● **Required work**
Would you please repeat, word for word, only the lines from the one holding "This is a comfortable" through the one holding "hacia el este-sureste." in the material below, without the pictures?

● **Record extracts**
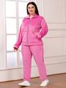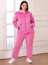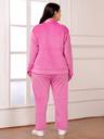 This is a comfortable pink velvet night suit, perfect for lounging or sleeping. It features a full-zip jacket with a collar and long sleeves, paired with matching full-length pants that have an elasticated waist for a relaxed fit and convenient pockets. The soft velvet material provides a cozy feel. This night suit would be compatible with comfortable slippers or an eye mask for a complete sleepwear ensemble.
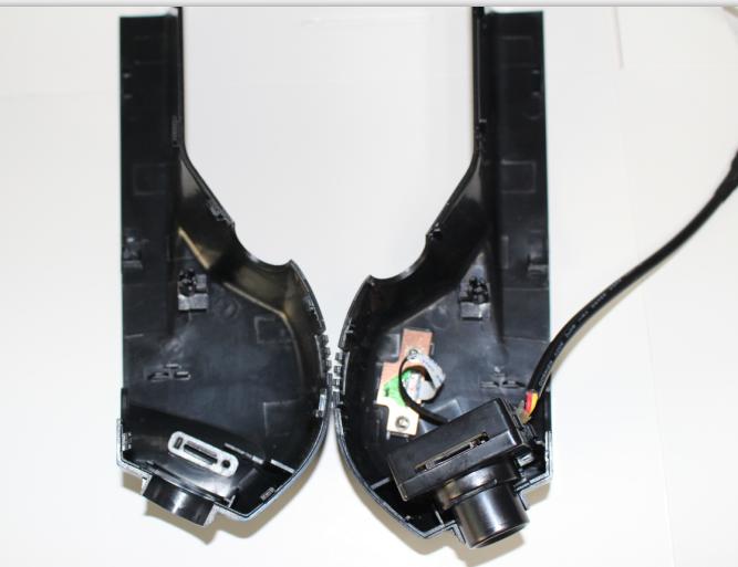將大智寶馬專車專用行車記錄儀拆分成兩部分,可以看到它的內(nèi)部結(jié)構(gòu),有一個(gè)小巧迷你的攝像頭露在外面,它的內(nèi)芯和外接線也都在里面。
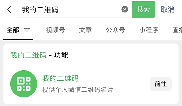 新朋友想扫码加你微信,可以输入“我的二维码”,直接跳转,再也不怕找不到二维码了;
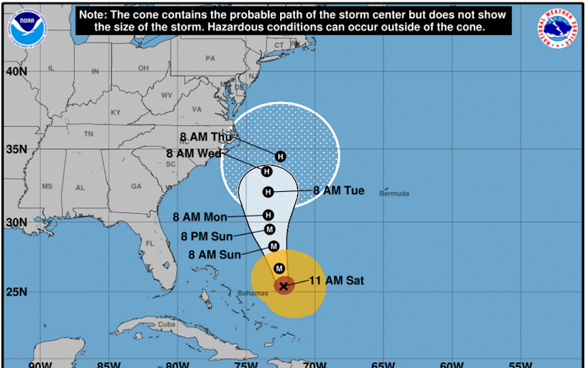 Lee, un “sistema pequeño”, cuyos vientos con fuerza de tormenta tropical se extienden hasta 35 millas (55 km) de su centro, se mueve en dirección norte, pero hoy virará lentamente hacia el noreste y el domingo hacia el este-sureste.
...
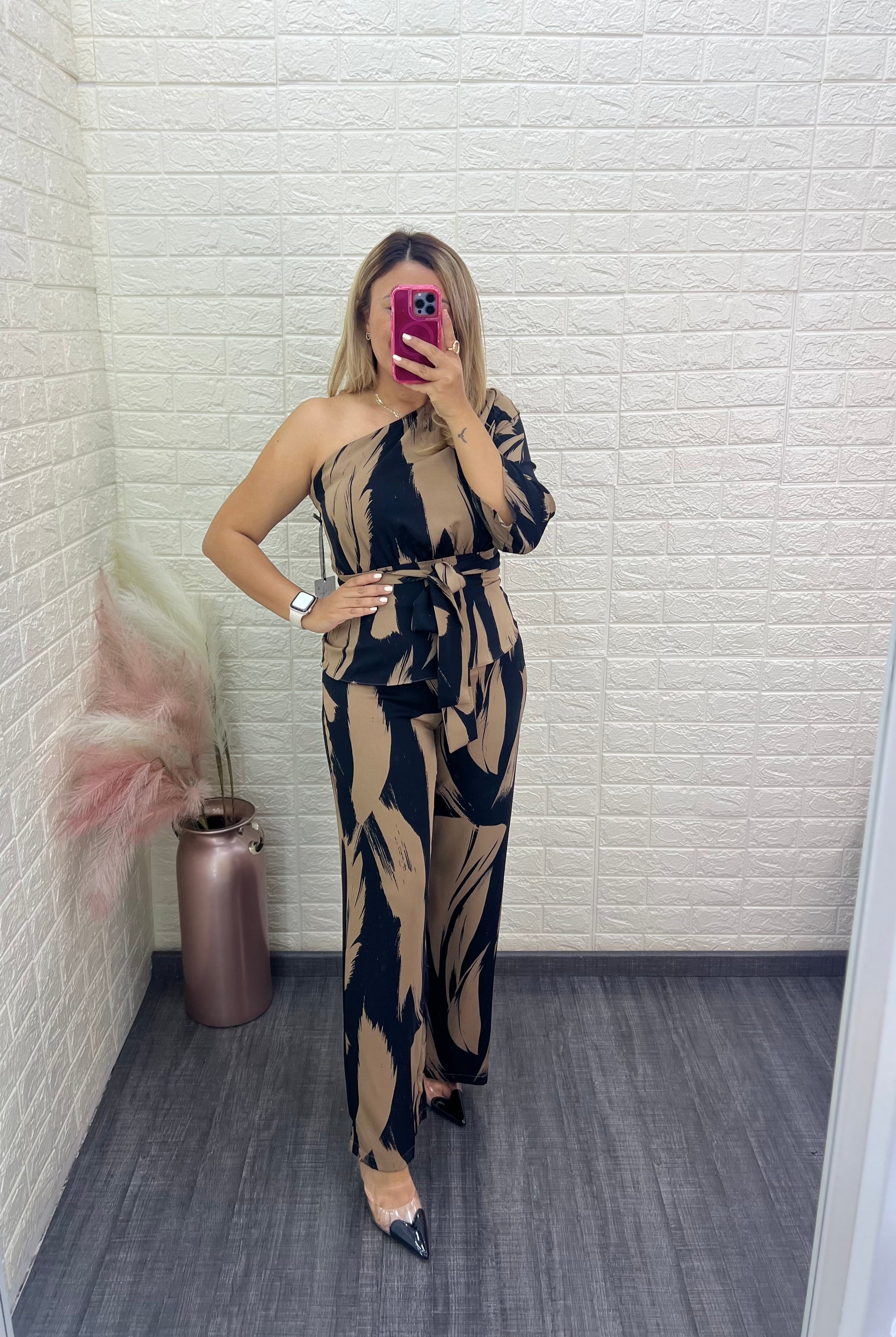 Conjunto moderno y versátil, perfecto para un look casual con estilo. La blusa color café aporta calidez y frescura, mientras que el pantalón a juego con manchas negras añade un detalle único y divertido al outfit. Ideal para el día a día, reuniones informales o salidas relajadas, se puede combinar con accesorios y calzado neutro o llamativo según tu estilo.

● **The answer**
 This is a comfortable pink velvet night suit, perfect for lounging or sleeping. It features a full-zip jacket with a collar and long sleeves, paired with matching full-length pants that have an elasticated waist for a relaxed fit and convenient pockets. The soft velvet material provides a cozy feel. This night suit would be compatible with comfortable slippers or an eye mask for a complete sleepwear ensemble.
將大智寶馬專車專用行車記錄儀拆分成兩部分,可以看到它的內(nèi)部結(jié)構(gòu),有一個(gè)小巧迷你的攝像頭露在外面,它的內(nèi)芯和外接線也都在里面。
 新朋友想扫码加你微信,可以输入“我的二维码”,直接跳转,再也不怕找不到二维码了;
 Lee, un “sistema pequeño”, cuyos vientos con fuerza de tormenta tropical se extienden hasta 35 millas (55 km) de su centro, se mueve en dirección norte, pero hoy virará lentamente hacia el noreste y el domingo hacia el este-sureste.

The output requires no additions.